Monday, May 4, 2015
If she accidentally ate something that had been prepared around peanuts, coconuts, hazelnuts or fish, Robin Enriquez could have an allergic reaction so severe that she would have to go to the emergency room. Her first line of defense to treat an allergic reaction is an epinephrine auto-injector that she is supposed to carry with her everywhere. On April 23, however, Enriquez confessed to a room full of faculty and students that she rarely carried the injector as a young woman.
“I was very concerned with looking cool,” Enriquez said. “I didn’t want to stand out, but that could be the difference between life and death.”
Enriquez was one of four researchers who presented their projects at the Virginia Commonwealth University Arts and Health Fellows Showcase. With support from a VCU Quest Innovation Fund grant, the Arts and Health Fellows program supports interdisciplinary projects between the university’s School of the Arts and School of Medicine. Each project utilizes art and design skills to improve methods of teaching and health care delivery.

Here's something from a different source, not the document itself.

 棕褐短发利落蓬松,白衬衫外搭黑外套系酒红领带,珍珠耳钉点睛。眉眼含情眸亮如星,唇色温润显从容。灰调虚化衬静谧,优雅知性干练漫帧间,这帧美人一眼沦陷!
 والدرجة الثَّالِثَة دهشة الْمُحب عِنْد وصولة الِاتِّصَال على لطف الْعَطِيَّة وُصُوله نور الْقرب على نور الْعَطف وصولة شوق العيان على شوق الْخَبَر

A recent graduate of the Department of Communication Arts at VCU School of the Arts, Enriquez sought to address the problem of young people not carrying their emergency allergy medication because of lack of style by designing user-friendly carriers for epinephrine auto-injectors.

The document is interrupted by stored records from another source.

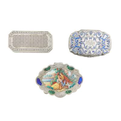 the first, stamped 800, of scalloped shape, inlaid with inset enamel faux malachite and lapis, with a painted Classical depiction to centre, with chased scroll detail to underside; together with French early 19th century table snuff box, with all over engine turned and other engraved decoration with blue enamel detail and a presentation table box from the Clothworkers Company of canted rectangular form, Carrington & Co, London 1934, all over engine turned decoration in the 18th century style
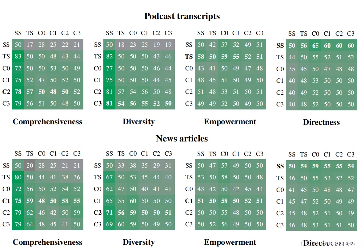 中间层次的摘要在全面性上的胜率为 57%,多样性上的胜率也是 57%。
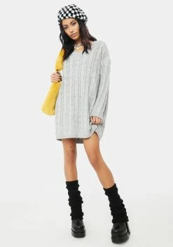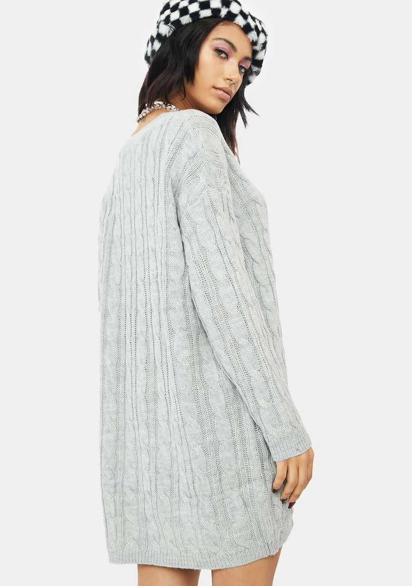 let’s cozy up together, babe! This snuggly long sleeve sweater dress has a cozy oversized fit, a warm cable knit construction, and a V neckline.
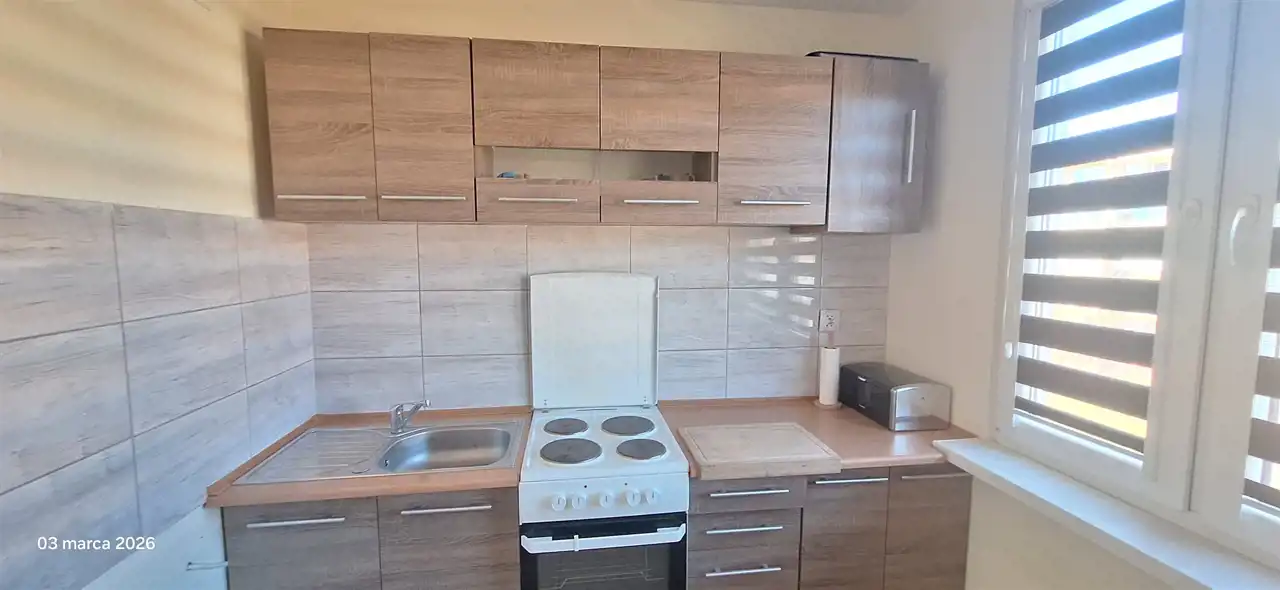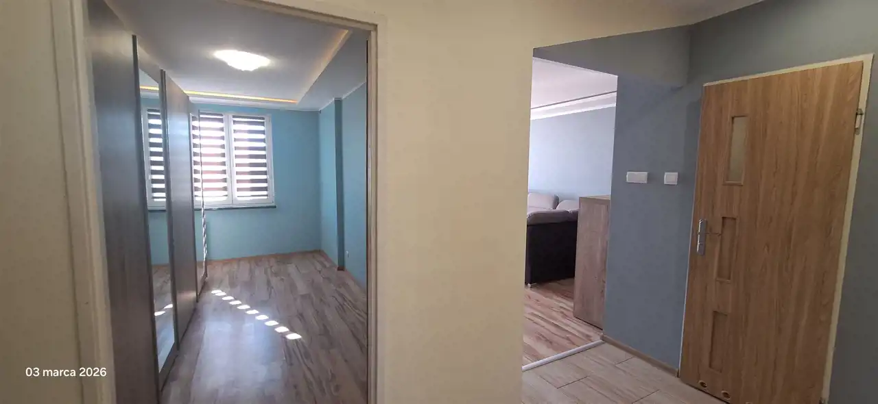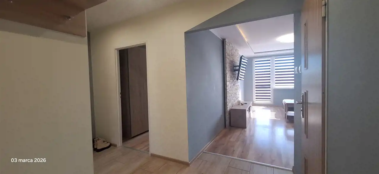Salon z wyjściem na balkon, z pięknymi widokami i przestrzenią gdzie nic się już nie wybuduje, sypialnia z łóżkiem , pokój z szafą, łazienka, wc, kuchnia, przedpokój,

“To achieve better carrying rates, my approach was to create medicine carriers for food-allergy users that are age-appropriate, gender-specific, and based on what the users have to say,” Enriquez said. She designed female carriers that were inspired by Vera Bradley wristlets and male carriers that were small enough to fit into a pocket.
As with the other Arts and Health Fellows researcher, Enriquez utilized her artistic background to address a health care need.
After graduating from the Department of Sculpture and Extended Media at the VCU School of the Arts, Morgan Yacoe decided to apply the artistic skills she learned at VCU to a medical pursuit. Yacoe teaches clay sculpture classes to residents from VCU Medical Center and produces a range of three-dimensional models to use in medical education. During her presentation, she explained how the sculpture classes help medical residents become better doctors. “Observational skills are a key to good medical education,” Yacoe said.
While the models Yacoe produces at her Richmond studio are beautiful, they also have a practical application. Utilizing art as a medium for studying a socio-economic issue proved to be a thread that tied the projects together.
“Design is much more than the construction of beautiful things,” said Laura Chessin, associate professor of craft and design in the Department of Graphic Design, VCU School of the Arts. Chessin partnered with VCU Institute for Women’s Health and CenteringPregnancy at VCU on a project titled The Healthy Baby Project, which aimed to address the disproportionately high rate of infant mortality and preterm birth in Richmond’s low-income African-American population.
For three consecutive Monday mornings from October to November, 16 graphic design students in Chessin’s class met with nine low-income African-American mothers and two fathers to discuss what it takes to raise a healthy child in Richmond. The students then created visual material based on their conversations over the past few weeks.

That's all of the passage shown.